Как мы помним, в якутском эпосе победителя преследует
«черная нечисть»: тень его становится темной,
а дыхание тяжелым,
причем в этом нет какой бы то ни было
«нравственно-этической окраски» — герою просто
передаются атрибуты погибшего демона, некоторые признаки
его хтонической природы; от опасной и обременительной
скверны надлежит очиститься. В эпизоде из бурятского
фольклора вслед за чудесной стрелой, убившей змея и
возвращающейся в колчан, мчится
черный сгусток крови
и прилипает к
лицу богатыря, едва не погубив его. Уместно напомнить,
что и
тень,
и дыхание,
и кровь
относятся к
объектам, непосредственно отождествляемым с душой.

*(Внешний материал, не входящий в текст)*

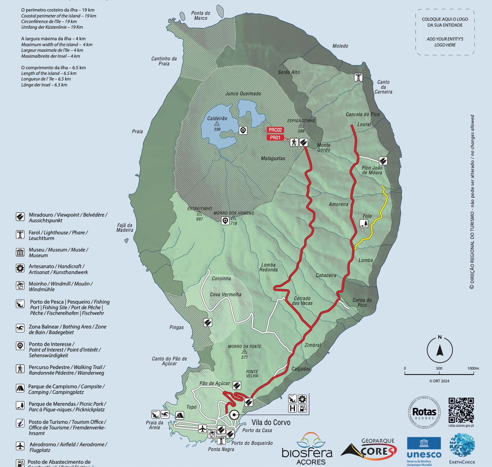 Tra la flora endemica, passerai davanti alle cisterne nella zona conosciuta localmente come Baldio e continuerai il percorso aggirando il cono vulcanico con il cratere aperto verso sud, noto come geosito di Coroínha e sopra (scogliera) di Pingas, da dove è possibile osservare l’isola di Flores nelle giornate limpide.

Душе разыскиваемой, уничтожаемой (а в шаманской
мифологии — и похищаемой) здесь противостоит, таким
образом, душа преследующая и мстящая, душа-порча,
душа-проклятие.
Существует
комплекс устойчивых и глобально распространенных
представлений, согласно которым душа сраженного врага,
душа убитого на охоте животного и даже — в определенных
случаях — души родственников или односельчан (главным
образом, умерших «неестественной смертью») могут
представлять опасность для живых. Она преодолевается с
помощью ритуалов, в известном смысле изофункциональных
обрядам «очищения от скверны» в фольклорном
повествовании (иногда даже прямо воспроизводящим ту же
модель). Однако параллельно с представлениями об
опасности, которую заключает в себе чужая душа,
существуют и, казалось бы, противоречащие им воззрения о
желательности и полезности наследования души — от
сохранения родовых амулетов, в которые вселяются духи
предков, до съедения сердца и мозга врага, выливания его
крови, омовения в ней боевого оружия и частей своего
тела — как раз с целью очищения.
Здесь снова
возникает возможность амбивалентных решений: душа (и
врага, и не врага) может быть и опасной и полезной.
Разумеется, данные мифологические представления
упомянуты более чем обобщенно; в каждом конкретном
случае они имеют тенденцию дихотомически распределяться
по разным уровням и сферам функционирования, подчас
сохраняя, впрочем, свою противоречивость. Синтезирующая
направленность, создающая через ассоциативные ряды и
цепи метафорических сближений парадоксальные
сюжетно-семантические конфигурации, ярко проявляется
именно в мифопоэтическом сознании, где происходит
соответствующая переработка актуальных верований.
Характерно,
что тот же
кровавый сгусток
может
оказаться не преследующим героя, но сопутствующим ему.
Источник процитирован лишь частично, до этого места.